We had a few bonuses for the kids this year,” SWCD board member Jason Biltz said.

Students in the east got to see how maple syrup was made and toured Walnut Creek Planing, which is adjacent to Ayrdell Farm, while students in the west were treated to “a million-dollar view” and learned more about how Velvet View Farmstead Yogurt is made, a product the Schlauch family created a couple of years ago.

“These tours are a community event with many friends and family helping,” Biltz said. “There is no way our small staff could do this without the many people it took to make the event possible.”

Biltz said the past two years have been difficult on both teachers and students, and the teachers and school staff should be commended for their hard work.

Lorson, the SWCD conservation specialist who organizes the essay contest and judges the entries along with Shasta Mast, RoseAnne Rinfret and Dara Stitzlein, said they encouraged kids to be very creative in telling their story about what they experienced on the tour.

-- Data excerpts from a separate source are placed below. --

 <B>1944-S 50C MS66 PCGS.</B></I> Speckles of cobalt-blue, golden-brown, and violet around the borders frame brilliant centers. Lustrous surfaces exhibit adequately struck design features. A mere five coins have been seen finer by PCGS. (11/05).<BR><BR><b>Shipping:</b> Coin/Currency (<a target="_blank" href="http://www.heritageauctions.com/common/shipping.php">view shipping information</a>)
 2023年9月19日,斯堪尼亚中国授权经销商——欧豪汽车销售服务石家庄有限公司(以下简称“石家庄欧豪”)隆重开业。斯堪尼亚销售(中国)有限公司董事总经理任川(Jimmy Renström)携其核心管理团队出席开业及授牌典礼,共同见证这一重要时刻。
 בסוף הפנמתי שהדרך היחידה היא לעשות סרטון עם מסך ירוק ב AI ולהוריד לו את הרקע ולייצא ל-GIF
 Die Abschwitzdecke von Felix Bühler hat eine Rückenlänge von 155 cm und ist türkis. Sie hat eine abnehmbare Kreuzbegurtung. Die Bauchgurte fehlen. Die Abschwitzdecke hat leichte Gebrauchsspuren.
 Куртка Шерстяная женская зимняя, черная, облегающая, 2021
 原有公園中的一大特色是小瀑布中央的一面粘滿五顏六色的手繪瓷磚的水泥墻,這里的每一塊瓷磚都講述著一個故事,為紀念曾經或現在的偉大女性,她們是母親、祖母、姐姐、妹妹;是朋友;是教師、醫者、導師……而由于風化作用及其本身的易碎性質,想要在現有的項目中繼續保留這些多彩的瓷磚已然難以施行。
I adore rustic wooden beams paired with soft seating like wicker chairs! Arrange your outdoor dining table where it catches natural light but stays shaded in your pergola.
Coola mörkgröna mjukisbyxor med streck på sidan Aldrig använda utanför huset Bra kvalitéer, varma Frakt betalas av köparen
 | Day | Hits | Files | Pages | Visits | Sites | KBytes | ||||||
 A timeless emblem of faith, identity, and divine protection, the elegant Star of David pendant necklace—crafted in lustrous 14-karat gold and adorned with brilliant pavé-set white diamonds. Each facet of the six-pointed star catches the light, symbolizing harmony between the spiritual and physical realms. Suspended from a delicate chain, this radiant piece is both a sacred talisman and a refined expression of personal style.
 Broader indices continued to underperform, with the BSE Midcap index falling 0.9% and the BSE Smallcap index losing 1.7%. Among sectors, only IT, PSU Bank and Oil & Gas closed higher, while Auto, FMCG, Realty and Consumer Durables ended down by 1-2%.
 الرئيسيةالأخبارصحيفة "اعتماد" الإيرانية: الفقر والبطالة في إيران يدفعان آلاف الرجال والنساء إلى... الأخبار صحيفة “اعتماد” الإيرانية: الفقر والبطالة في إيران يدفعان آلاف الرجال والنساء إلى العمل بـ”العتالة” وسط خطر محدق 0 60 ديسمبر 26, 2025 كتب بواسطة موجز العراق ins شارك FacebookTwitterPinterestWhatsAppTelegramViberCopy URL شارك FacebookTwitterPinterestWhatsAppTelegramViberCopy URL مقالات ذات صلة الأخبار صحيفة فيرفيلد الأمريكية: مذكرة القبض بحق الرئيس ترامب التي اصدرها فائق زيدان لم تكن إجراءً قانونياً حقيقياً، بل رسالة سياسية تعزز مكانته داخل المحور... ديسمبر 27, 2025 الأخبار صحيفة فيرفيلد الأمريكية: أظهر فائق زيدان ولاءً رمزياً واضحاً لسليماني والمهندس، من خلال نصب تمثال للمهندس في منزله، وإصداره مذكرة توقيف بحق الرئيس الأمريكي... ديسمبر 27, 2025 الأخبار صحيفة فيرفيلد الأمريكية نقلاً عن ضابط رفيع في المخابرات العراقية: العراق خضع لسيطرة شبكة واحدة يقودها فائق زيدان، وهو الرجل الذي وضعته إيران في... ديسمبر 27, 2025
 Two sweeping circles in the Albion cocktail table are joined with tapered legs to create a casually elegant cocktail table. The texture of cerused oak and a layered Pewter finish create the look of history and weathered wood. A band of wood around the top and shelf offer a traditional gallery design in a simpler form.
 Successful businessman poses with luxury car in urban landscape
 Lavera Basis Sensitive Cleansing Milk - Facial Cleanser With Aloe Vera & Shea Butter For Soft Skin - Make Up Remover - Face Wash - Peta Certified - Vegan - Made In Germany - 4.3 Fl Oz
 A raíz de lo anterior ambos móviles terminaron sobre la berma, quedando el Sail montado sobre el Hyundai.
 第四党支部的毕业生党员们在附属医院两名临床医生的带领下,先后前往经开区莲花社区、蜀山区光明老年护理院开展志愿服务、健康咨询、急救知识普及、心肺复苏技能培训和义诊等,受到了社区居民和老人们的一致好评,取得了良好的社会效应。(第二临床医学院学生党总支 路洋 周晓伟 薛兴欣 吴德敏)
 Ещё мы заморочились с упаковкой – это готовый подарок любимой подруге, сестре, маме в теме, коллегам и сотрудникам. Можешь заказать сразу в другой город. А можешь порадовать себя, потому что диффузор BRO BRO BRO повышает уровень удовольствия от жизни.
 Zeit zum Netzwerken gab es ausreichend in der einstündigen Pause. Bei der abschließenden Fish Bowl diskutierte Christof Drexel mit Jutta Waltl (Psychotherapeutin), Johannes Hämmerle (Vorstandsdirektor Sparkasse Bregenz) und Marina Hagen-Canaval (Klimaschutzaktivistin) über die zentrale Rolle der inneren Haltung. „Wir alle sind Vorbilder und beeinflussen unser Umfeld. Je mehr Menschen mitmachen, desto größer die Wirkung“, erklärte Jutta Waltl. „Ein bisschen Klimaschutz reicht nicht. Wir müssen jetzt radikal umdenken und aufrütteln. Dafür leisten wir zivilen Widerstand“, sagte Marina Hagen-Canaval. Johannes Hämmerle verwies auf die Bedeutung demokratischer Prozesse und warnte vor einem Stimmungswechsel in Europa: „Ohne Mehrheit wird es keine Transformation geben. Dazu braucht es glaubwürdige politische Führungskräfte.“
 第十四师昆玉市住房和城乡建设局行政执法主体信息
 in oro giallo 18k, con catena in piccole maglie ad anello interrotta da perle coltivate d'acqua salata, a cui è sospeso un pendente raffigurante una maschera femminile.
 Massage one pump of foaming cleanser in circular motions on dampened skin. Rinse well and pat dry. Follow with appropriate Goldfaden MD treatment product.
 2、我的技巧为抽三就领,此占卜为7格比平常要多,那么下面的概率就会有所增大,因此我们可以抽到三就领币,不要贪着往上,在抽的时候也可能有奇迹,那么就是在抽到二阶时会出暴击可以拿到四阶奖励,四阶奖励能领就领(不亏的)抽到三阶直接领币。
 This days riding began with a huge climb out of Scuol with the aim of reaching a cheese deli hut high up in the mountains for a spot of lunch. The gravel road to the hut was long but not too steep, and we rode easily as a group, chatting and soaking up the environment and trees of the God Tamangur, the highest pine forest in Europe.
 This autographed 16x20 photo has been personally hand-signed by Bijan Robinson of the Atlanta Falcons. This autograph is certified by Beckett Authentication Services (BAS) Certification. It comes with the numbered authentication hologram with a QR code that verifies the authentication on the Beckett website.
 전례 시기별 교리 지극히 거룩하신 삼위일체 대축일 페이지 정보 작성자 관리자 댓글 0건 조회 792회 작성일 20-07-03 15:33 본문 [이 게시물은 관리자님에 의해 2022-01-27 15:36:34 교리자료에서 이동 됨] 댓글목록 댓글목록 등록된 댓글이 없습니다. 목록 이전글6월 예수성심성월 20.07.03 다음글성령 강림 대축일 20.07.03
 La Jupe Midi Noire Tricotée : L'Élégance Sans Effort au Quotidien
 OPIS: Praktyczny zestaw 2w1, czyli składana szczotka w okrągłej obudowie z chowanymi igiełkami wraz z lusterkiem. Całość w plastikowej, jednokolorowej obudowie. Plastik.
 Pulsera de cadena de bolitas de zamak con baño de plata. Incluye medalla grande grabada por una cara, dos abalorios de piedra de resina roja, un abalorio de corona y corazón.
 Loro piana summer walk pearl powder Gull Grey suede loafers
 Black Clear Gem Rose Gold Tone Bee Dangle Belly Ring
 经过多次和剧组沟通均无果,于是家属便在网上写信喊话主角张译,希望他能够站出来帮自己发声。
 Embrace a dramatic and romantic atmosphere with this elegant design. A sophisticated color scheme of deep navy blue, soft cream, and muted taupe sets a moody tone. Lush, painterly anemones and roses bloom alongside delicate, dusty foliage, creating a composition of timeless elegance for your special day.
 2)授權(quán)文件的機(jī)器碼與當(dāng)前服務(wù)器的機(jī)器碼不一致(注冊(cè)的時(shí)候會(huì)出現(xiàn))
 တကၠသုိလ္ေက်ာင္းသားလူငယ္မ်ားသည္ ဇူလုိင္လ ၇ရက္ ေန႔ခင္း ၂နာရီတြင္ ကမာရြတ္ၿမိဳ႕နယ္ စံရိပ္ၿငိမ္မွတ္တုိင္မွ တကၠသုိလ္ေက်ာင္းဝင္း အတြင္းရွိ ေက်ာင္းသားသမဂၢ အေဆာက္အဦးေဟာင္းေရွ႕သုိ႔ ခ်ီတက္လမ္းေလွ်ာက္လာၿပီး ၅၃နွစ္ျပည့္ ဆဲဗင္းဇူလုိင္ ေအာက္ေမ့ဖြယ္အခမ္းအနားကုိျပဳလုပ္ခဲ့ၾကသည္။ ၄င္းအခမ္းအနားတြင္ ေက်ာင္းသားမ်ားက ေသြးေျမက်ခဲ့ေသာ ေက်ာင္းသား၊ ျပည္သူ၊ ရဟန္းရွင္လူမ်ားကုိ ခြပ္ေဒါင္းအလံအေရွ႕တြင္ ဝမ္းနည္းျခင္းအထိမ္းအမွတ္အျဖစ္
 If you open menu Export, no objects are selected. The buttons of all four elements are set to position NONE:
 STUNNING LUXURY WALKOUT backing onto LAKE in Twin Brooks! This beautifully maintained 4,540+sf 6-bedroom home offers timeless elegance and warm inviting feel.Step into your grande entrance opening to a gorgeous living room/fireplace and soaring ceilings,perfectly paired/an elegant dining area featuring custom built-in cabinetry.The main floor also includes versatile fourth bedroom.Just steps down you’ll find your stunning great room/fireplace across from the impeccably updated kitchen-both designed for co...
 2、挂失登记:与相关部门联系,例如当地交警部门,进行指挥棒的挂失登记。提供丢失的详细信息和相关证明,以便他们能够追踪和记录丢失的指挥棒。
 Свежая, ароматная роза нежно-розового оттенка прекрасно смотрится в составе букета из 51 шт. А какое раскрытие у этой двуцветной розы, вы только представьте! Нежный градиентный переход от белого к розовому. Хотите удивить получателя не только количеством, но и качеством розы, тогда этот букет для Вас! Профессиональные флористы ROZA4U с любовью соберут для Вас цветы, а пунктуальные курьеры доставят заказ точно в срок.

He said the judges have had a treat reading the inspiring and often-time humorous essays.

“We changed it up to become a creative nonfiction essay,” Lorson said. “That means they could employ the things they saw at the farm into a creative story, and it’s been a treat to read them.”

The winners of the West Holmes fifth-grade essay contest from first to third included Colton Garver, Killbuck, student of Mary Smith; Payson Dial, Lakeville, student of Jennifer Hopkins; and Lauren Steinbauer, Lakeville, student of Jennifer Hopkins.

The winners of the East Holmes fifth-grade essay contest from first to third included Caleb Troyer, Walnut Creek, student of Liz Sommers; Elaya Barkley, Winesburg, student of Rachel Miller; and Grace Shetler, Chestnut Ridge, student of Heidi Olinger.

The winners of the East Holmes sixth-grade essay contest from first to third included Addisyn Mast, Walnut Creek, student of Barb Brown; James Hershberger, Walnut Creek, student of Barb Brown; and Ethan Schlabach, Chestnut Ridge, student of Jennifer Mengel.

Lorson shared some excerpts from the winning essays, talking about what drew the judging team to choose that essay as an award winner.

Steinbauer wrote her story from the perspective of a cow, touching on the aspect of farm safety and a cow’s eyesight. Dial chose to explore the cow’s perspective, choosing to follow the shenanigans of a group of wild animals called “kids” who came to her farm in big yellow tubes. Garver wrote about his essay through the eyes of a farm cat, Ozzie, who met with friends along his way in watching the students.

“A fantastic, creative essay — we really loved it,” Lorson said of Garver’s essay.

Shetler put herself in the role of a young farm girl who had to wake up every morning to do her chores. Lorson said her sensible approach to wildlife was fascinating. Barkley chose to write about a crayfish, an essay that took the crayfish from infant to adulthood. She explored the importance of water quality.

“It was one of the most unique perspectives I’ve seen in this contest,” Lorson said.

Troyer’s winning effort left the reader in the dark as to what animal he was, and it turned out to be a mole exploring Walnut Creek Planing. Because moles can’t see, he used his other senses to figure out everything the company produces.

Schlabach told the story from a pair of minnows who argued over whether pools or ripples of water are the best. He focused on water quality and conservation practices. Hershberger described the tour through the eyes of a farm dog, talking about the importance of quality soil. Mast wrote about a curious bunny, the youngest in a family of rabbits, and covered each station while discussing many of the details that were shared throughout the day.

“I could write a brochure from this essay,” Lorson said of Mast’s effort. “Congratulations to all of the students. We hope you learned a great deal about life on the farm and conservation. A lot of these kids don’t have any experience on a farm, so this is a really great lesson.”